(I’m reposting this comment as a top-level post, for ease of future reference. The context here is a discussion about the different lines of arguments for the importance of AI safety.)
Here’s another argument that I’ve been pushing since the early days (apparently not very successfully since it didn’t make it to this list :) which might be called "argument from philosophical difficulty". It appears that achieving a good long term future requires getting a lot of philosophical questions right that are hard for us to answer. Given this, initially I thought there are only three ways for AI to go right in this regard (assuming everything else goes well with the AI):
We solve all the important philosophical problems ahead of time and program the solutions into the AI.
We solve metaphilosophy (i.e., understand philosophical reasoning as well as we understand mathematical reasoning) and program that into the AI so it can solve philosophical problems on its own.
We program the AI to learn philosophical reasoning from humans or use human simulations to solve philosophical problems.
Since then people have come up with a couple more scenarios (which did make me slightly more optimistic about this problem):
We all coordinate to stop technological progress some time after AI but before space colonization, and have a period of long reflection where humans, maybe with help from AIs, spend thousands or millions of years to solve philosophical problems.
We program AIs to be corrigible to their users, some users care about getting philosophy correct so the AIs help keep them safe and get their "fair share" of the universe until philosophical problems are solved eventually, enough users care about this so that we end up with a mostly good future, and lack of philosophical knowledge doesn’t cause disaster in the meantime. (My writings on "human safety problems" were in part a response to this suggestion, outlining how hard it would be to keep humans "safe" in this scenario.)
The overall argument is that, given human safety problems, realistic competitive pressures, difficulties with coordination, etc., it seems hard to end up in any of these scenarios and not have something go wrong along the way. Maybe another way to put this is, given philosophical difficulties, the target we’d have to hit with AI is even smaller than it might otherwise appear.
Whenever someone says "there are only N ways that X is possible" outside of a mathematical proof, my immediate reaction is "Oh, great, here is another argument from lack of imagination". This seems like a typical case.
Comment
I think I made it pretty clear that these are the N ways that I could come up with, plus M more that others came up with later. Plus, in a later post, I explicitly ask what else might be possible. Did you see any other language I used where I was claiming something stronger than I should have?
If not, would you agree that people trying to solve a problem over some time only to find that all the plausible approaches they could come up with seem quite difficult is useful evidence for that problem being intrinsically difficult?
It might be interesting to consider this argument from an outside view perspective. Can you give a sample of arguments that you think are comparable to this one so we can check how valid they tend to be in retrospect?
Comment
I may have misunderstood, sorry. I thought you gave it near 100% certainty that there could be only 3 ways, not the more reasonable "my knowledge of this problem is so marginal, I can’t give it a good estimate of probability, since it would be drowned in error bars".

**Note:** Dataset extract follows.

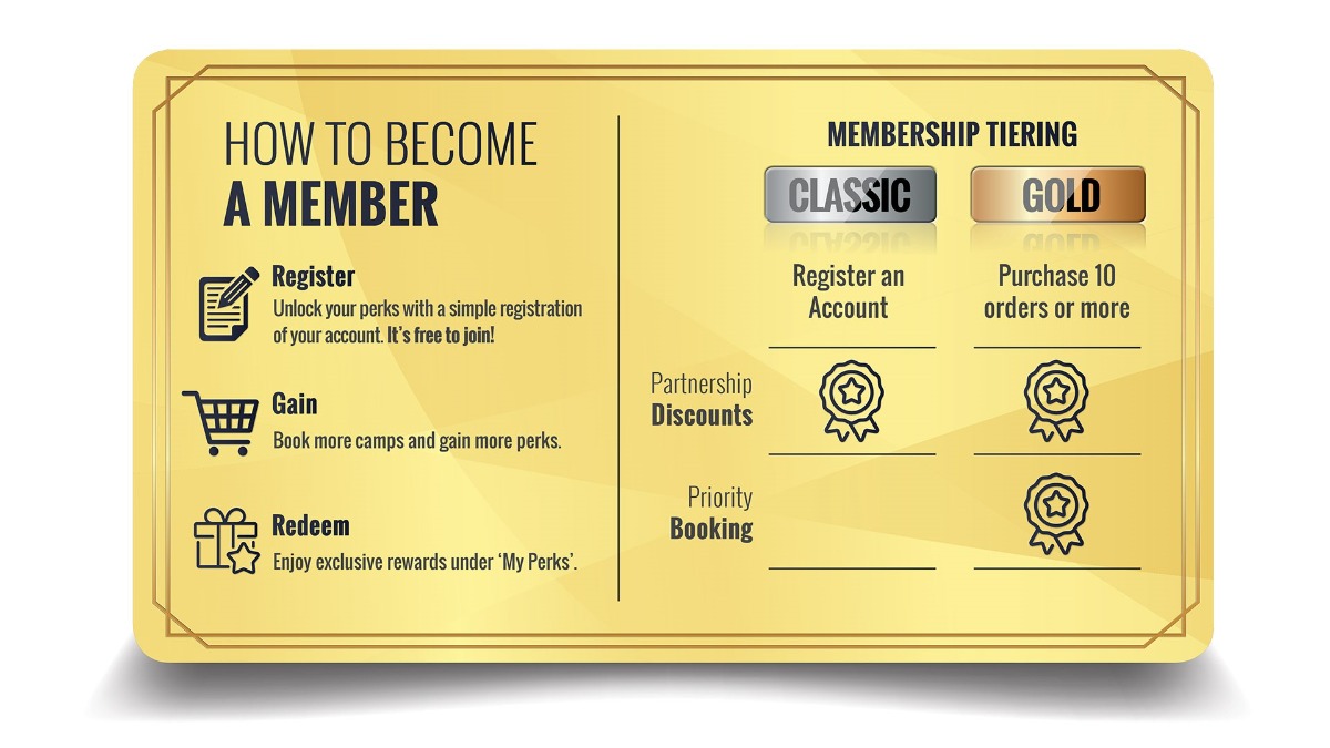 If you are under the Gold Tier, a priority booking email will be sent to you where you can get first dips on bookings and secure your camp slots!

One important dimension to consider is how hard it is to solve philosophical problems well enough to have a pretty good future (which includes avoiding bad futures). It could be the case that this is not so hard, but fully resolving questions so we could produce an optimal future is very hard or impossible. It feels like this argument implicitly relies on assuming that "solve philosophical problems well enough to have a pretty good future" is hard (ie. takes thousands of millions of years in scenario 4) - can you provide further clarification on whether/why you think that is the case?
Comment
I tried to make arguments in this direction in Beyond Astronomical Waste and Two Neglected Problems in Human-AI Safety. Did you read them and/or find them convincing? To be clear I do think there’s a significant chance that we could just get lucky and it turns out that solving philosophical problems well enough to have a pretty good future isn’t that hard. (For example maybe it turns out to be impossible or not worthwhile to influence bigger/richer universes so we don’t lose anything even if we never solve that problem.) But from the perspective of trying to minimize x-risk, it doesn’t seem like a good idea to rely on that.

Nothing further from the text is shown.